### [RECORD SET]

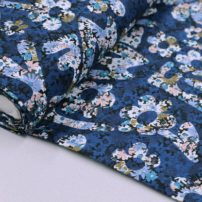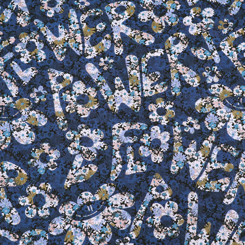 A gorgeous Liberty floral print in their unique Tana Lawn™ Cotton featuring the words Flower Power written in a floral font on a blue floral silhouette background.
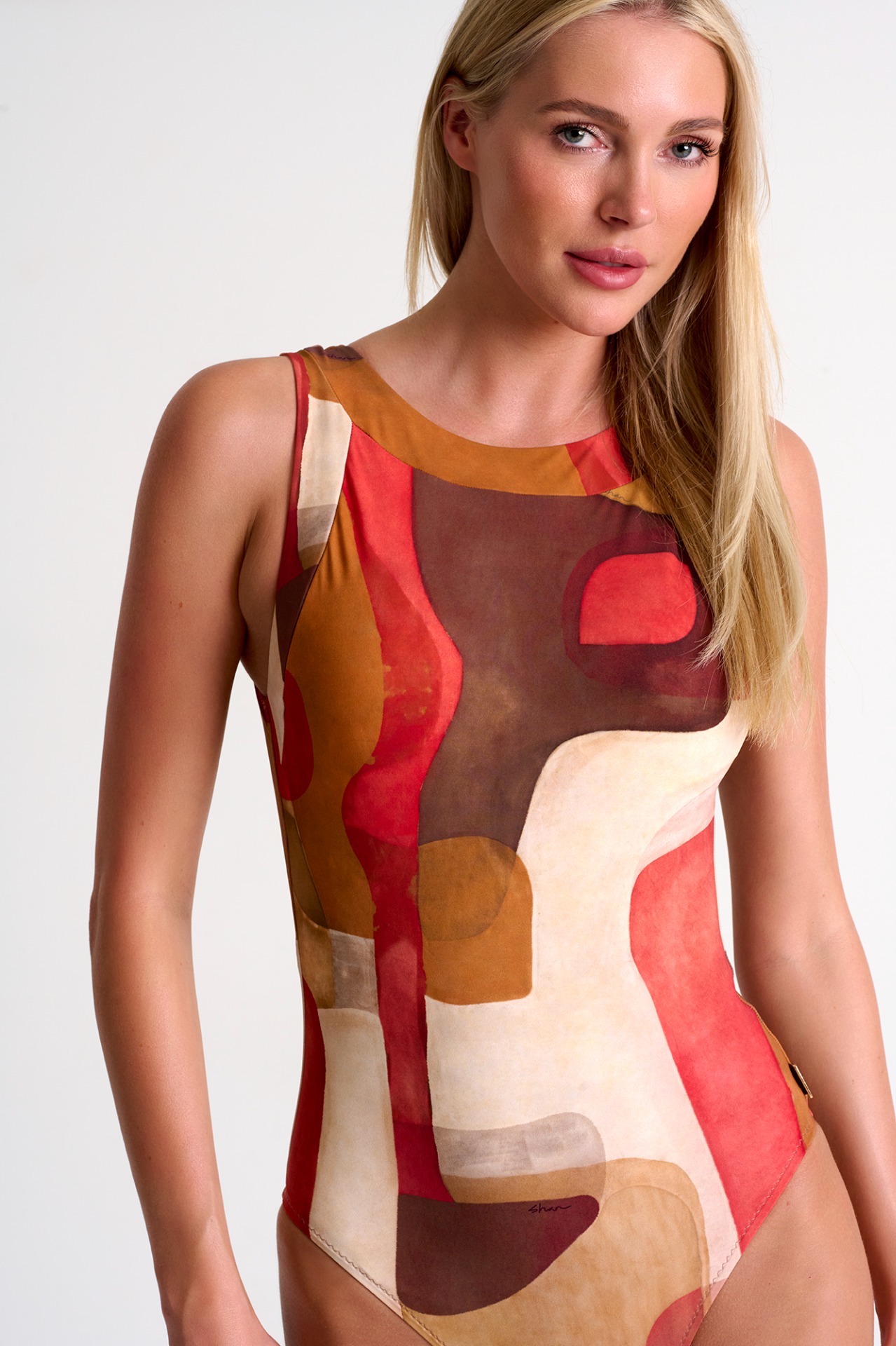 Classic high-neck one-piece swimsuit with an open back, offering generous coverage for optimal comfort and adaptability to every movement.
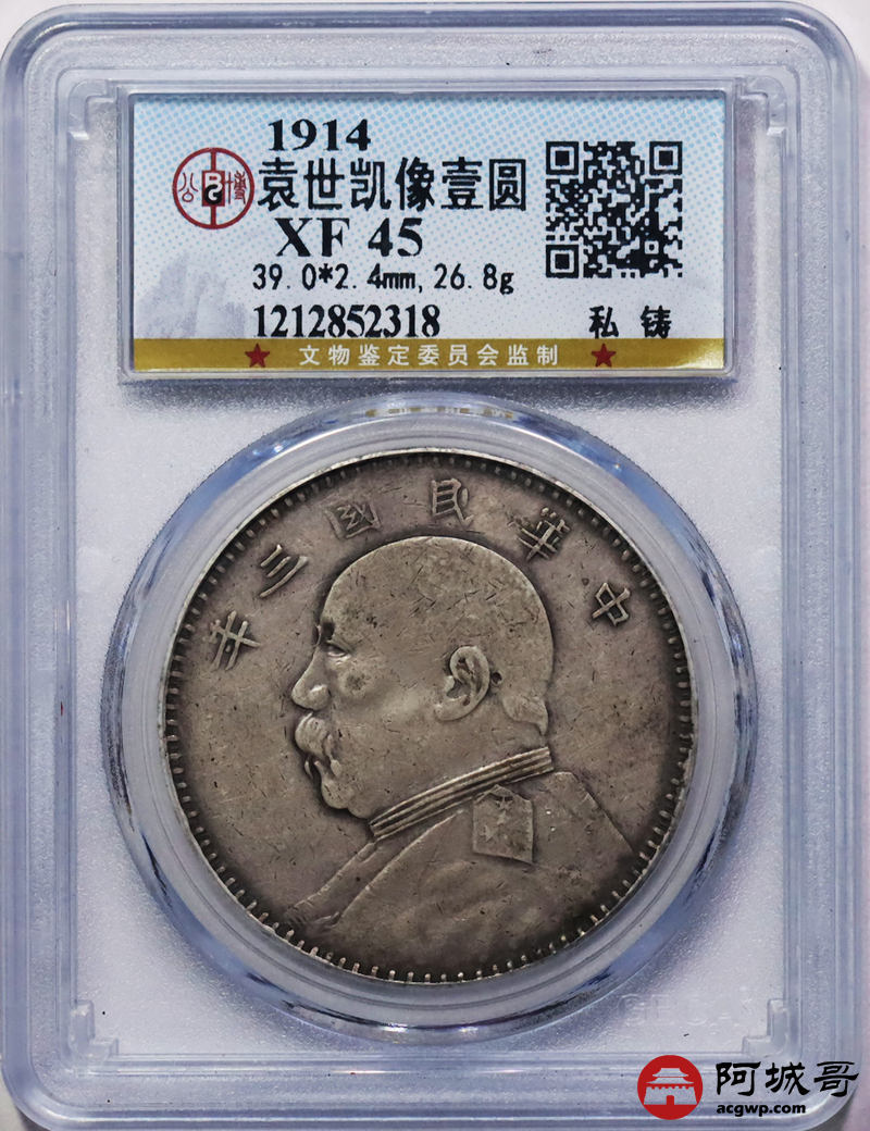 Lot:33 原味 三年大头壹圆 私铸版 公博 XF45
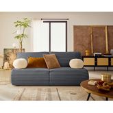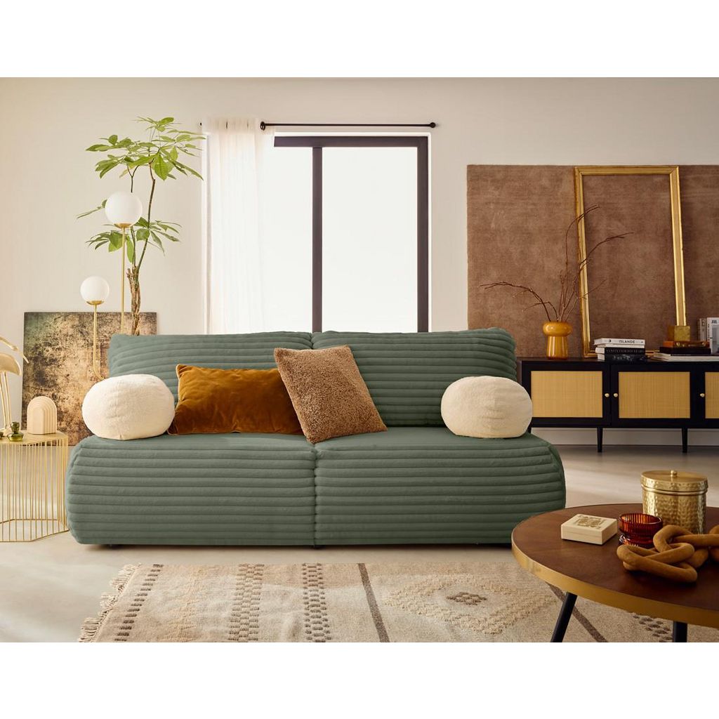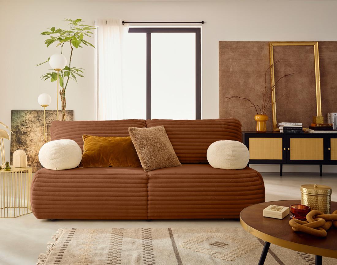 Présentation de la collection : Le canapé Marvin 3 places convertible en fausse fourrure côtelé dispose d'un dossier rabattable, d'un coffre de rangement pratique et d'un design épuré, idéal pour optimiser les espaces réduits avec style
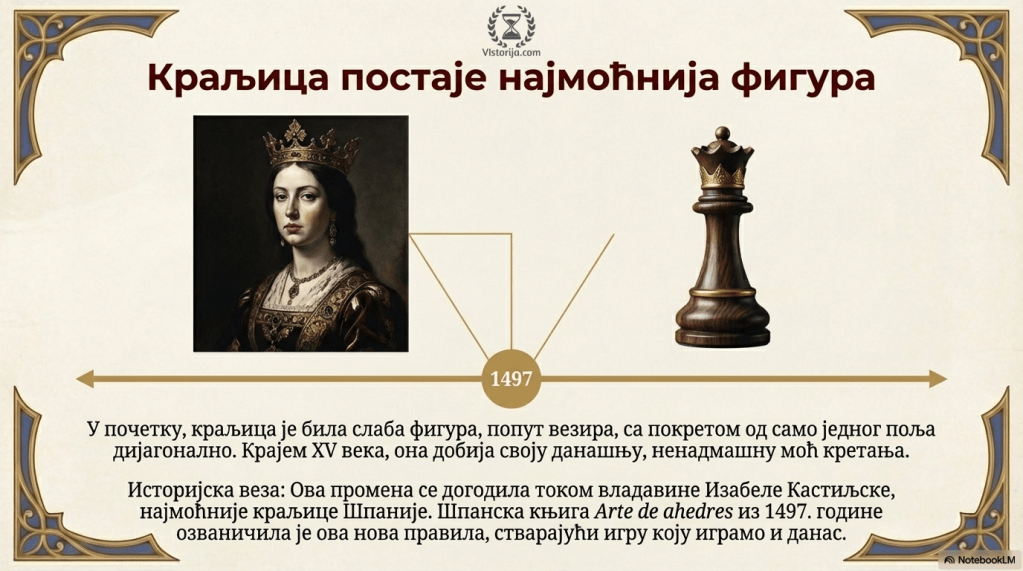 Сасвим је очекивано да је шаховска краљица достигла зенит своје моћи током владавине Изабеле Кастиљске, најзначајније шпанске краљице свих времена.
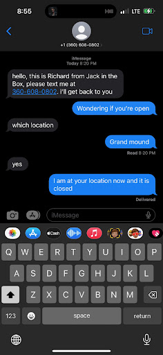 Read moreWe've been to this jack in the box multiple times and this was the final straw. The food is almost always old tasting, cold or not even correct. They randomly close when they are supposed to be open because all the employees take breaks at the same time which I don't think is supposed to be happening.
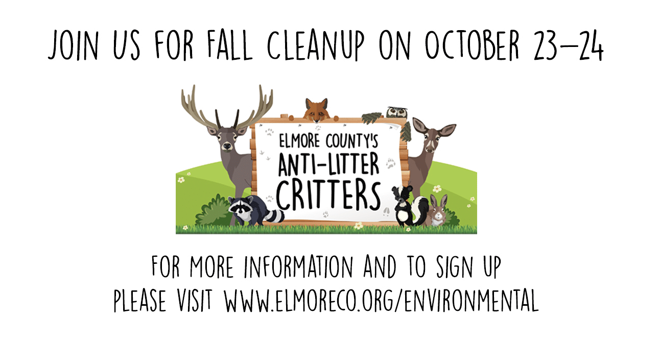 The Elmore County Commission will host a Fall Cleanup on October 23-24, 2021. With the amount of litter on the road sides, the County Commission is hosting this Fall Cleanup ahead of the typical Spring Cleanup, which will take place in early 2022.
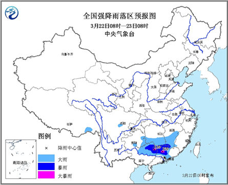 中國天氣網(wǎng)訊 中央氣象臺3月22日06時繼續(xù)發(fā)布暴雨藍(lán)色預(yù)警:
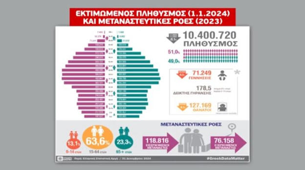 πληθυσμός (1/1/24) και μεταναστευτικές ροές (2023)
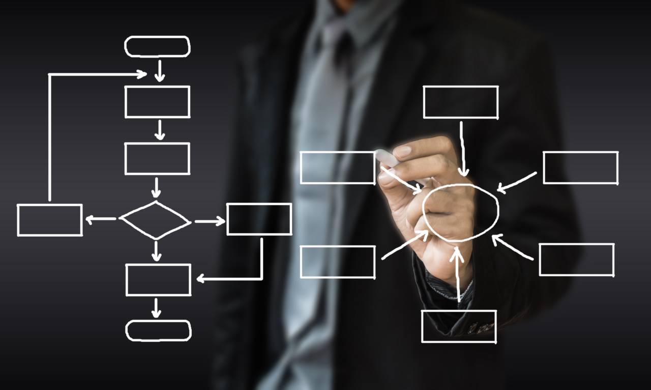 Desenho e redesenho de diagrama, mapa e modelo de processo
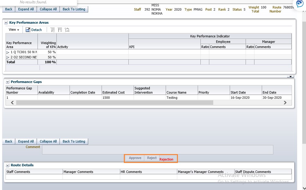 Performance Agreement rejected by Senior/Manager
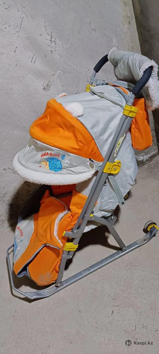 Продам санки Ника в отличном состоянии. Есть муфта, а также сумка для вещей. Спинку полностью, можно опустить, во время сна ребенка. Очень теплые. Есть пластиковая защита от снега и ветра. Очень глубокий капюшон. Колеса только задние. 35.000 тг.
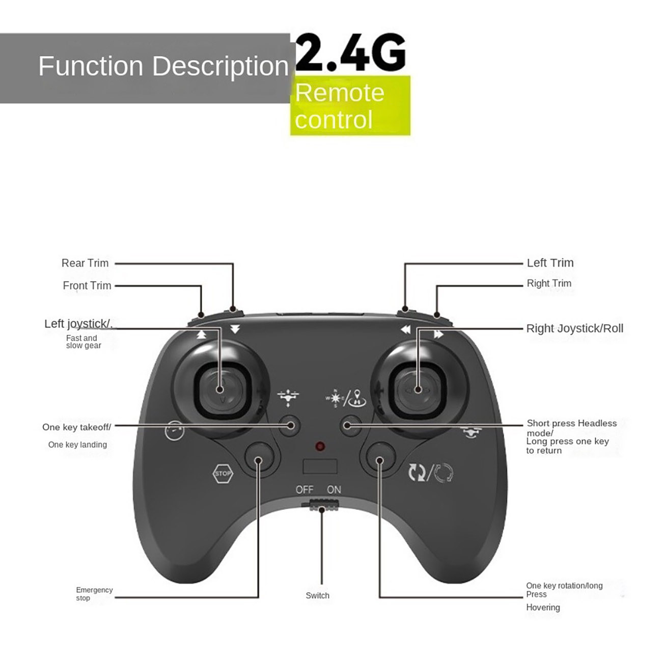Offers 3 flight speeds with stunt moves and automatic flight modes.
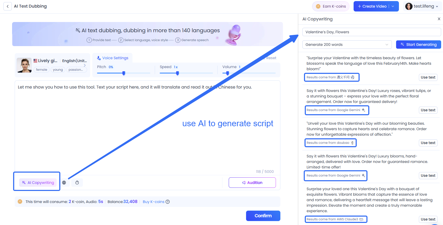 Writing engaging dialogue and in-game narration is a crucial but time-intensive task. KreadoAI simplifies this process with built-in AI script generation. By entering a few keywords or descriptions, you can instantly generate compelling character dialogues, tutorials, or narration. KreadoAI’s AI tools are powered by Gemini, Claude 3 (for global users), and Microsoft, Kimi, ensuring high-quality scriptwriting tailored to different markets.
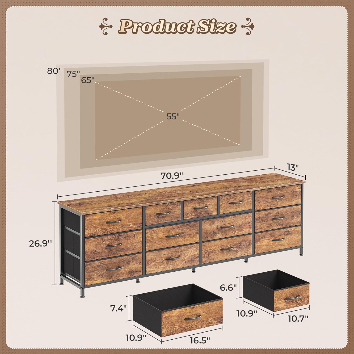 Huuger 70 Inch Dresser for Bedroom, TV Stand for 65, 75, 80 Inch TV, 13 Fabric Drawer Long Dresser, Large Entertainment Center for Bedroom, Wide Chest of Drawer with Storage, Rustic Brown
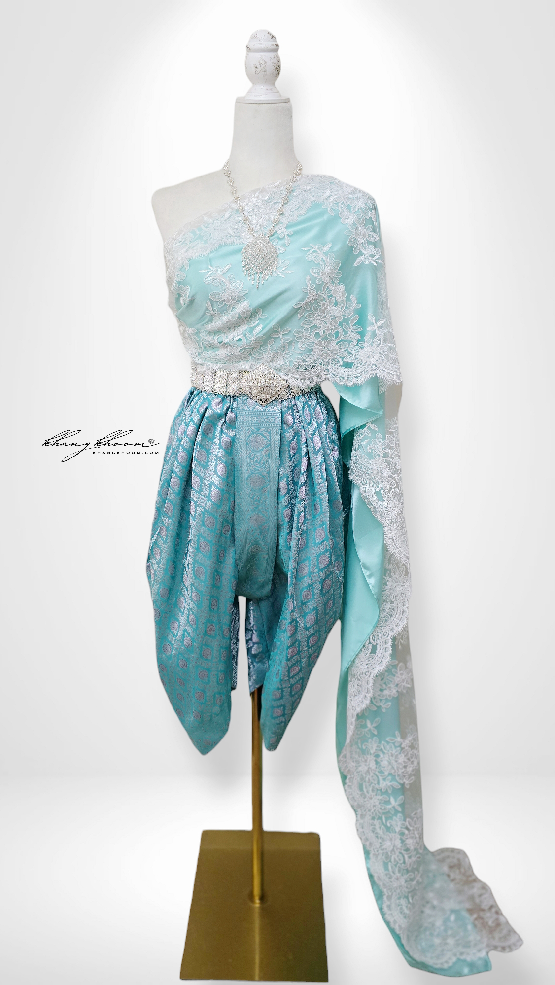 Pants are sewn with an elastic waistband and zipper closure in the front. Sabai are free size and worn wrapped around your chest and over the shoulder

### [ACTIVITY]
Nothing but the lines from the one with "Classic high-neck one-piece" to the one with "Сасвим је очекивано" above, both included, should be transcribed, exactly and without pictures.

### [SOLUTION FOR THIS TASK]
 Classic high-neck one-piece swimsuit with an open back, offering generous coverage for optimal comfort and adaptability to every movement.
 Lot:33 原味 三年大头壹圆 私铸版 公博 XF45
 Présentation de la collection : Le canapé Marvin 3 places convertible en fausse fourrure côtelé dispose d'un dossier rabattable, d'un coffre de rangement pratique et d'un design épuré, idéal pour optimiser les espaces réduits avec style
 Сасвим је очекивано да је шаховска краљица достигла зенит своје моћи током владавине Изабеле Кастиљске, најзначајније шпанске краљице свих времена.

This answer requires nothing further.